→ **Source material**
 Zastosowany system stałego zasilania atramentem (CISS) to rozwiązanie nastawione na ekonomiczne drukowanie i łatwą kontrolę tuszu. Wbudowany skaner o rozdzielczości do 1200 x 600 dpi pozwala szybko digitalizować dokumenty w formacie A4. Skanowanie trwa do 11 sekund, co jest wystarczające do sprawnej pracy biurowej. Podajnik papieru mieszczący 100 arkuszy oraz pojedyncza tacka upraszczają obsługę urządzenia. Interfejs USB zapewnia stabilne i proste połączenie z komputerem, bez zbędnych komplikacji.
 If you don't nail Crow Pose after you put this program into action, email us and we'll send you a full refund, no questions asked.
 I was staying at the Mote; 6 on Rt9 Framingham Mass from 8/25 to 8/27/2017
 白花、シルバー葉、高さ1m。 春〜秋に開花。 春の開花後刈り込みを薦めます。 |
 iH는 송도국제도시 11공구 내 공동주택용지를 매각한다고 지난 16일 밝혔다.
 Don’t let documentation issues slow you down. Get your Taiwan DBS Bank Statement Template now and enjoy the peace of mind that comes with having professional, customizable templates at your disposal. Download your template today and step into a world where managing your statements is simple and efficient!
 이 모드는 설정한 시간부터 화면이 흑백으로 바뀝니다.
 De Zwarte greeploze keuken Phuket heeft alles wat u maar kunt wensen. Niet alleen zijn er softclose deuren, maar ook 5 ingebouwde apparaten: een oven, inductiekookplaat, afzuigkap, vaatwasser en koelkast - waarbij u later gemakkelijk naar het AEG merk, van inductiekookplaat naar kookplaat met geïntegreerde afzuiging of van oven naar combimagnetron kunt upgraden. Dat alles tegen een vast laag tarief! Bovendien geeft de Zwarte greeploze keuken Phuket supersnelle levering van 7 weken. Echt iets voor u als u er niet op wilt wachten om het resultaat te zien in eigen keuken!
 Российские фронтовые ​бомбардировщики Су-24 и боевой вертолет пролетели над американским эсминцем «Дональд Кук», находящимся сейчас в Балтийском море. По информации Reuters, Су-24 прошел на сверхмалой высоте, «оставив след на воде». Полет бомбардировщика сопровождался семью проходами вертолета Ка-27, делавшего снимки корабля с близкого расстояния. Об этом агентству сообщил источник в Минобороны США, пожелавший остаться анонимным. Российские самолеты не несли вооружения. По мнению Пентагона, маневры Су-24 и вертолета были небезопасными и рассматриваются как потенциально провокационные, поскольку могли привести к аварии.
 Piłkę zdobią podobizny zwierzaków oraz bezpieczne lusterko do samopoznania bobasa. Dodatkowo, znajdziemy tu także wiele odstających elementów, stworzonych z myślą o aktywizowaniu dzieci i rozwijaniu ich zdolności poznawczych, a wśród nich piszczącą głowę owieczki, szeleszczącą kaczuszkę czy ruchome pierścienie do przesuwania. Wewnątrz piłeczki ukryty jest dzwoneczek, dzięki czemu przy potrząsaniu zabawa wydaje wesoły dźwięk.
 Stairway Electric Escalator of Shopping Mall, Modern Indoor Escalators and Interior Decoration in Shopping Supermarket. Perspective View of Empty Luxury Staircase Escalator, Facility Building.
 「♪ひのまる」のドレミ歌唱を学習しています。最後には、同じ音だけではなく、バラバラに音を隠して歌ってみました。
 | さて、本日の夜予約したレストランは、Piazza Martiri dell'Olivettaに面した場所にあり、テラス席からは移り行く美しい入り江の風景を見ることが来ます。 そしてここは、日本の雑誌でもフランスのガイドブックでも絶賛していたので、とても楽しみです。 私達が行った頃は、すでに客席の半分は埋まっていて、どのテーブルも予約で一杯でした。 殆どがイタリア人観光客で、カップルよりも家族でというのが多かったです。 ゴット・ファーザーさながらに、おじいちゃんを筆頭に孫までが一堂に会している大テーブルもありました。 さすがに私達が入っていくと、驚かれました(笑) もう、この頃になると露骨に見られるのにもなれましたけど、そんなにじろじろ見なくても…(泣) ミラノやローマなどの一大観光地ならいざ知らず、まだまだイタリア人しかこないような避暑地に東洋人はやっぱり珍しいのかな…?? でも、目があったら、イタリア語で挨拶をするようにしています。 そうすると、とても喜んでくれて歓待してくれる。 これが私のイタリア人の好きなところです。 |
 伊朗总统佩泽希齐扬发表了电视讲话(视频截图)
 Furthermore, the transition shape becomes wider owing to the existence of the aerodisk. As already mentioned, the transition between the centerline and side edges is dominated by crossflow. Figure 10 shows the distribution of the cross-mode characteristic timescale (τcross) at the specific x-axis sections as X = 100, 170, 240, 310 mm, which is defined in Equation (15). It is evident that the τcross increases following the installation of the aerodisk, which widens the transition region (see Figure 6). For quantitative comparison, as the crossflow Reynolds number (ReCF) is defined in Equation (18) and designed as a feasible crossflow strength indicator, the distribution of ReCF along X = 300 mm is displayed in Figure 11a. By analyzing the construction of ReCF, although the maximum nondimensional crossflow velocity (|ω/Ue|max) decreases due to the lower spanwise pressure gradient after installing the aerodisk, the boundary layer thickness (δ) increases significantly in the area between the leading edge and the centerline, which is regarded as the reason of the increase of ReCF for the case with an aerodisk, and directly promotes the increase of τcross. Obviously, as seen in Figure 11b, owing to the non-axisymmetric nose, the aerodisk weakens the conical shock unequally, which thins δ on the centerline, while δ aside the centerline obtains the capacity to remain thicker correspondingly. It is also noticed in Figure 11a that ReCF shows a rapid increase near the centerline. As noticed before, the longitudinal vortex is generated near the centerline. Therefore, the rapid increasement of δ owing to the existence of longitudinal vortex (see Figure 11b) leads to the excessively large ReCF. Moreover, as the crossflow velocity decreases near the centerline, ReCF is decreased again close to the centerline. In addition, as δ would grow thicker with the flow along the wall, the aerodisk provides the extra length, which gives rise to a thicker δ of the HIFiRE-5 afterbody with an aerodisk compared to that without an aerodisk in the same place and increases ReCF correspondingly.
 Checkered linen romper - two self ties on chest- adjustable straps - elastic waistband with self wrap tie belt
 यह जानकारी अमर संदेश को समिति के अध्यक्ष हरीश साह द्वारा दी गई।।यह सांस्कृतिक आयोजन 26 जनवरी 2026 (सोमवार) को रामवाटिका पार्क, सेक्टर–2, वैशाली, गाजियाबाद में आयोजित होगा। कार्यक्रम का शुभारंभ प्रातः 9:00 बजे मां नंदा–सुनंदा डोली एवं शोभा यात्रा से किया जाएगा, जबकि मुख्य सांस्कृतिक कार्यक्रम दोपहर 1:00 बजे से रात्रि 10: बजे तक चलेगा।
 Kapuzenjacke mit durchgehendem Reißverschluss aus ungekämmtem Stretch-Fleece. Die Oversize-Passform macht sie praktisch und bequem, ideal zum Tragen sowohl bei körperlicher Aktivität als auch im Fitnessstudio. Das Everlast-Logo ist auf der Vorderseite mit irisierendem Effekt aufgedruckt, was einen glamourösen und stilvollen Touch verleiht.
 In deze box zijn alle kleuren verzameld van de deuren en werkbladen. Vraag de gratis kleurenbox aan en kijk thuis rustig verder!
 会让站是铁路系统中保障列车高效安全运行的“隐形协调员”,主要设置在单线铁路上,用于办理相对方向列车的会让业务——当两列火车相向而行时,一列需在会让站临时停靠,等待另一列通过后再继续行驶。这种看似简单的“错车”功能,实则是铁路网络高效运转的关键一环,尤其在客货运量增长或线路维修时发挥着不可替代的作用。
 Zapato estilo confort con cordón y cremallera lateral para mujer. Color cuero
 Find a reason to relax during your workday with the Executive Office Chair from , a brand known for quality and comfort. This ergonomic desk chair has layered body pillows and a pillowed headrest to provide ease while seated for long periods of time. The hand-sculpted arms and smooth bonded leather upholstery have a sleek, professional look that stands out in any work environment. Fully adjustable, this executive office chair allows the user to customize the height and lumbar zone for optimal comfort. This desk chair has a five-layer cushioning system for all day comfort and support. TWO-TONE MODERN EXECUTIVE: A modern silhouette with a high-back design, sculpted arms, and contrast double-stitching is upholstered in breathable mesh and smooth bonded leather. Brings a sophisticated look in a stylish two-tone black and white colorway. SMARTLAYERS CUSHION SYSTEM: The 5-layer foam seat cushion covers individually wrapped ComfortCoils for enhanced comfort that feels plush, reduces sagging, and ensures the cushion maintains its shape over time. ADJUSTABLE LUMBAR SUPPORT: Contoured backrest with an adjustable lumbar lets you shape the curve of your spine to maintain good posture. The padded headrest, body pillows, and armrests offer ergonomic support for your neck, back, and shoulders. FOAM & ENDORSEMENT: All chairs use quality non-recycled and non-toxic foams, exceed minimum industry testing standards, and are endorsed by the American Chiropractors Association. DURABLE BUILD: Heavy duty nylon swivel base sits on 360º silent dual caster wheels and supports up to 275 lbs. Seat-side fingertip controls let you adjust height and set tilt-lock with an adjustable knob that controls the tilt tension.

→ **What is expected**
Whenever a line above has the word "oraz" in it, copy that line.

→ **Answer below**
 Zastosowany system stałego zasilania atramentem (CISS) to rozwiązanie nastawione na ekonomiczne drukowanie i łatwą kontrolę tuszu. Wbudowany skaner o rozdzielczości do 1200 x 600 dpi pozwala szybko digitalizować dokumenty w formacie A4. Skanowanie trwa do 11 sekund, co jest wystarczające do sprawnej pracy biurowej. Podajnik papieru mieszczący 100 arkuszy oraz pojedyncza tacka upraszczają obsługę urządzenia. Interfejs USB zapewnia stabilne i proste połączenie z komputerem, bez zbędnych komplikacji.
 Piłkę zdobią podobizny zwierzaków oraz bezpieczne lusterko do samopoznania bobasa. Dodatkowo, znajdziemy tu także wiele odstających elementów, stworzonych z myślą o aktywizowaniu dzieci i rozwijaniu ich zdolności poznawczych, a wśród nich piszczącą głowę owieczki, szeleszczącą kaczuszkę czy ruchome pierścienie do przesuwania. Wewnątrz piłeczki ukryty jest dzwoneczek, dzięki czemu przy potrząsaniu zabawa wydaje wesoły dźwięk.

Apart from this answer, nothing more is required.